[DATASET]:
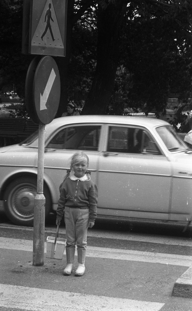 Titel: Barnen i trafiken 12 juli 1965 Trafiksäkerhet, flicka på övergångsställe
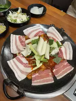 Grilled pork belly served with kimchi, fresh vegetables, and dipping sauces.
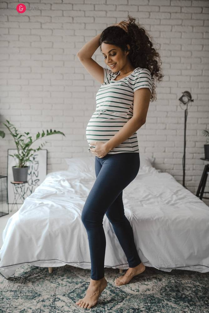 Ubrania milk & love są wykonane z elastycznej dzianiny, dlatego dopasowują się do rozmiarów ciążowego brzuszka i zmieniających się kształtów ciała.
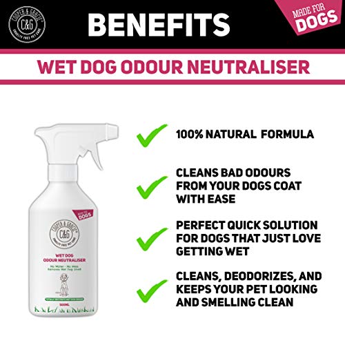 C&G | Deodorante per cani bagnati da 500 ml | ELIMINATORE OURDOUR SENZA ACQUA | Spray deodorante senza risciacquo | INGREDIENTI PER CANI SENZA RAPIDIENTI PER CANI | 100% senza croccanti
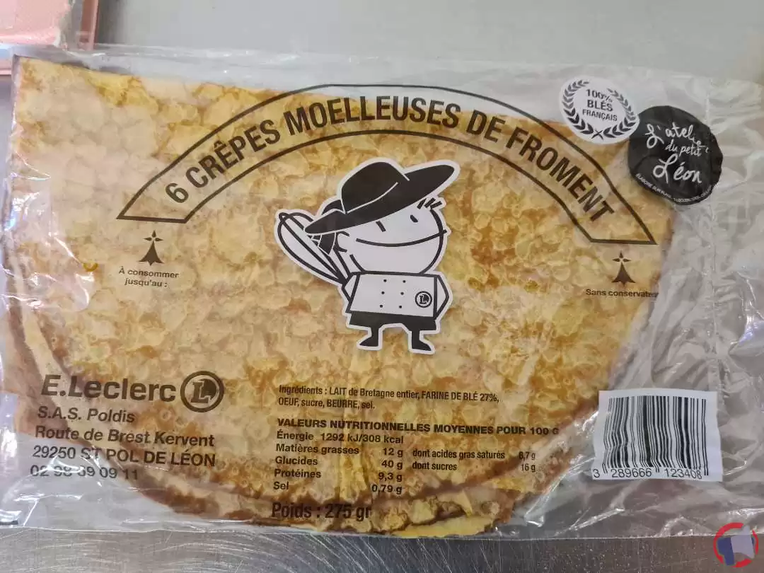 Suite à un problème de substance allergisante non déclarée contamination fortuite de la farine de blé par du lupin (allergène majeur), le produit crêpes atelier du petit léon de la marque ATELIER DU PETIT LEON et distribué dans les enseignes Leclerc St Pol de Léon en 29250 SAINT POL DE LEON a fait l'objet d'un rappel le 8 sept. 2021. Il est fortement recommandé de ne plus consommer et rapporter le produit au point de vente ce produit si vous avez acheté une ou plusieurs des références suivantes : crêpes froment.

[EXERCISE BRIEF]:
Each line from the line containing "Ubrania milk &" through the final line of the data above must be retyped exactly; nothing else, and no pictures, may appear.

[REPLY]:
 Ubrania milk & love są wykonane z elastycznej dzianiny, dlatego dopasowują się do rozmiarów ciążowego brzuszka i zmieniających się kształtów ciała.
 C&G | Deodorante per cani bagnati da 500 ml | ELIMINATORE OURDOUR SENZA ACQUA | Spray deodorante senza risciacquo | INGREDIENTI PER CANI SENZA RAPIDIENTI PER CANI | 100% senza croccanti
 Suite à un problème de substance allergisante non déclarée contamination fortuite de la farine de blé par du lupin (allergène majeur), le produit crêpes atelier du petit léon de la marque ATELIER DU PETIT LEON et distribué dans les enseignes Leclerc St Pol de Léon en 29250 SAINT POL DE LEON a fait l'objet d'un rappel le 8 sept. 2021. Il est fortement recommandé de ne plus consommer et rapporter le produit au point de vente ce produit si vous avez acheté une ou plusieurs des références suivantes : crêpes froment.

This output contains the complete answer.